Publication Entry

[Back]

Diploma and Master Theses (authored and supervised):

A. Heinisch:
"Selection and Hardware-Implementation of an Efficient Consensus Algorithm for a Mesochronous System";
Supervisor: T. Polzer, A. Steininger; Technische Informatik, 2015; final examination: 2015-01-15.

English abstract:

This thesis explores the possibility of using a consensus algorithm to replace the traditional,
triple modular redundancy scheme for fault tolerance. We start with the presentation of state of
the art fault tolerance mechanisms and discuss the advantages and drawbacks of TMR systems.
To be able to compare these mechanisms to our approach, we outline the basics of distributed
algorithms and discuss different consensus algorithms found in literature.
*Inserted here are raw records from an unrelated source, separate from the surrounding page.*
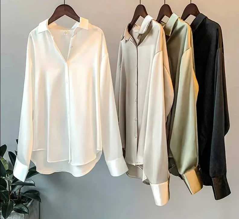 Long Sleeve Button Up Silk Like Blouse Shirt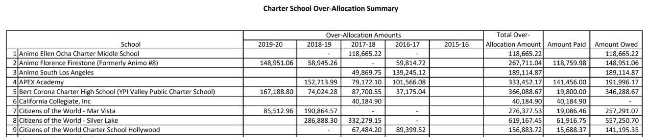 Contributing to this ill-will is the fact that COW consistently takes more space than it needs. While claiming that its “schools are in strong demand” and that they have “more interest than space”, each of their three Los Angeles campuses had fewer students than they projected in at least one of the past four years. The LAUSD has tried to recoup their loss by billing the charter $1,052,428.70 for over-allocated space, but as of November 4, 2020, COW has only paid $96,691.58.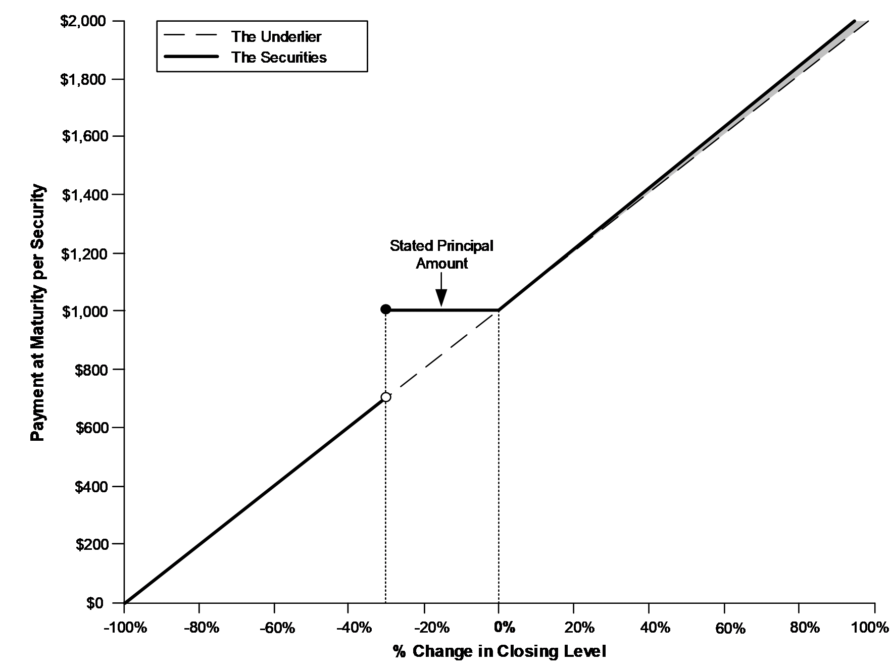 ■Downside Scenario. If the final level is less than the downside threshold level, investors will receive an amount that is significantly less than the stated principal amount, based on a 1% loss of principal for every 1% decline in the level of the underlier. There is no minimum payment at maturity, and investors could lose their entire initial investment in the securities.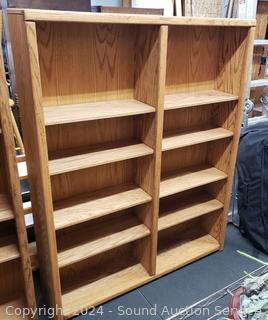 Lot #0017F: Oak 8-Shelf Side by Side Bookcase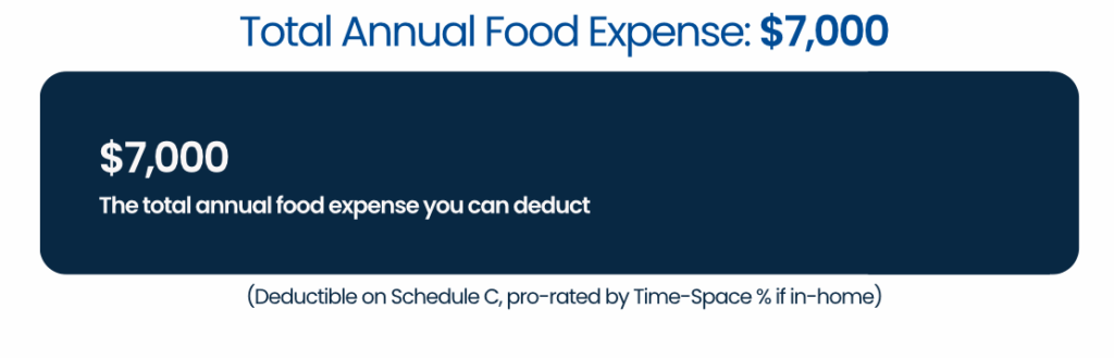 “If your reimbursement for the year was $6,000 but your grocery expenses were $7,000, you could deduct the extra $1,000 as a business food expense.”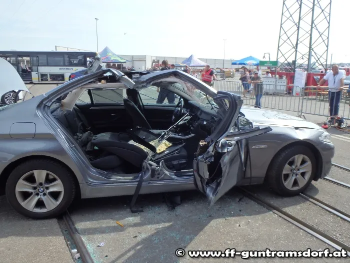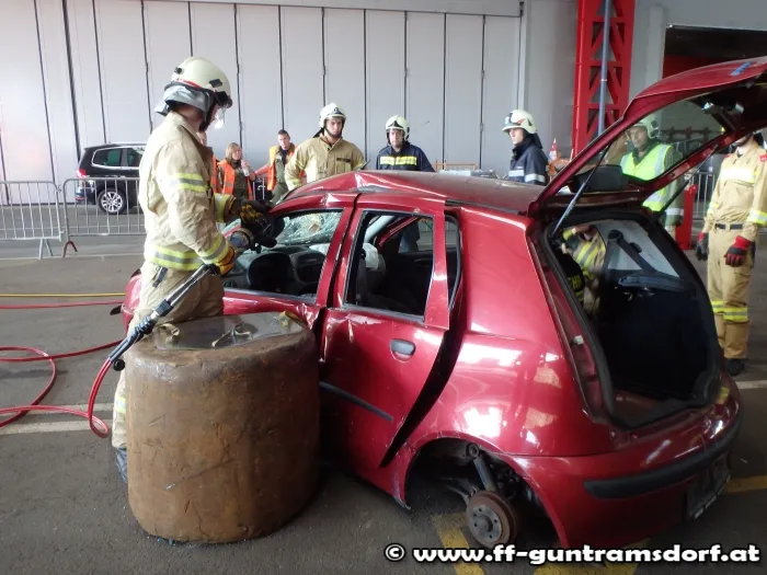 Die Teilnehmer konnten so sehen wie stabil moderne Fahrzeuge aufgebaut sind und wie schwer es sein kann, sich durch den stabilen mehrschichtigen Aufbau zu kämpfen.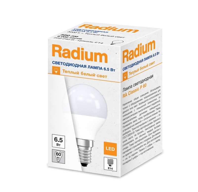 | Лампа светодиодная RA Classic P60 6.5W/830 6.5Вт шар матовая 3000К тепл. бел. E14 550лм 220-240В FS1 RADIUM 4008597191794 | 26.02.2026 | Под заказ | 15,37 ₽ | шт. | от 30 дней |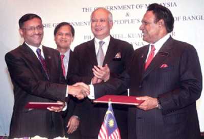 Communications Minister Obaidul Quader and S Samy Vellu, special envoy of Prime Minister's Department of Malaysia, shaking hands after signing a MoU in Kuala Lumpur Tuesday. Malaysian Prime Minister Mohd Najib Tun Razak is also seen behind them.

Based on this theoretical
background a reduction of TMR and replica determinism to consensus has been created.
A theoretical evaluation of the well known Exponential Information Gathering protocol, the
Phase King protocol and the Phase Queen protocol as well as modifications of these protocols to
implement them directly in hardware is given. The theoretical results are analyzed in detail and
augmented by results from fault injection experiments performed using a software simulator. As
the simulator was specifically tailored to incorporate the properties of the target platform, we
were able to evaluate their fitness for direct hardware implementation solely based on the simulation
results. As the fault injection experiments were designed to violate the fault hypothesis in
some cases, the degradation properties of the algorithms could also be analyzed.
The Phase King and the Exponential Information Gathering protocol were implemented on
a Field Programmable Gate Array (FPGA) network. To circumvent the single shared clock tree
in synchronous systems which introduces a single point of failure we decided to implement the
system based on a mesochronous clocking system, namely the Distributed Algorithms for Robust
Tick-Synchronization (DARTS) protocol and a fully parametrizable communication buffer
supporting metastability free communication in this setting. The implementation of these two illustrate
that Byzantine fault tolerance using distributed algorithms is achievable in VLSI circuits.

German abstract:

Diese Arbeit analysiert die Möglichkeit die traditionellen, dreifach redundanten Fehlertoleranzmechanismen
durch Konsensus-Implementierungen zu ersetzen. Nach einem Überblick über
gängige Fehlertoleranzansätze und einer Erörterung der Probleme bei der Verwendung von Triple
Modular Redundancy und Replikadeterminismus werden das Consensus Problem und die
zugrundeliegenden Modelle erörtert. Anhand der theoretischen Modelle werden verwandte Probleme
wie Byzantine Agreement und Reliable Broadcast vorgestellt und eine Reduktion von
Agreement mit TMR und Replikadeterminismus zu Consensus präsentiert.
Eine theoretische Analyse bekannter Konsensusprotokolle, nämlich des Exponential Information
Gathering, des Phase King und des Phase Queen Algorithmus, sowie deren für hardware
Implementierung modifizierte Versionen, wird durchgeführt. Die theoretischen Eigenschaften
der Protokolle werden im Detail analysiert und mit zusätzlichen Daten aus Fehlerinjektions-
Simulationen erweitert. Diese Zusatzinformationen ermöglichen Einblicke in das Verhalten der
Protokolle, wenn diese außerhalb der festgelegten Spezifikation ausgeführt werden.
Das Phase King Protokoll und das Exponential Information Gathering Protokoll werden auf
einem Field Programmable Gate Array (FPGA) Netzwerk implementiert. Da ein einzelner Clock
Tree, wie er in synchronen Systemen gängig ist, ein gewaltiges Fehlerpotenzial aufweist, wurde
zugunsten einer Implementierung mittels verteiltem System entschieden. Dies wurde durch Zuhilfenahme
des Distributed Algorithms for Robust Tick-Synchronization (DARTS) Protokolls
und eines parametrisierbaren Kommunikatonsbuffers, der metastabilitätsfreie Kommunikation
in dieser Konfiguration erlaubt, erreicht. Die Implementierung dieser zwei Protokolle zeigt, dass
verteilte Algorithmen dafür geeignet sind, ein byzantinisch fehlertolerantes Hardwaresystem zu
entwickeln.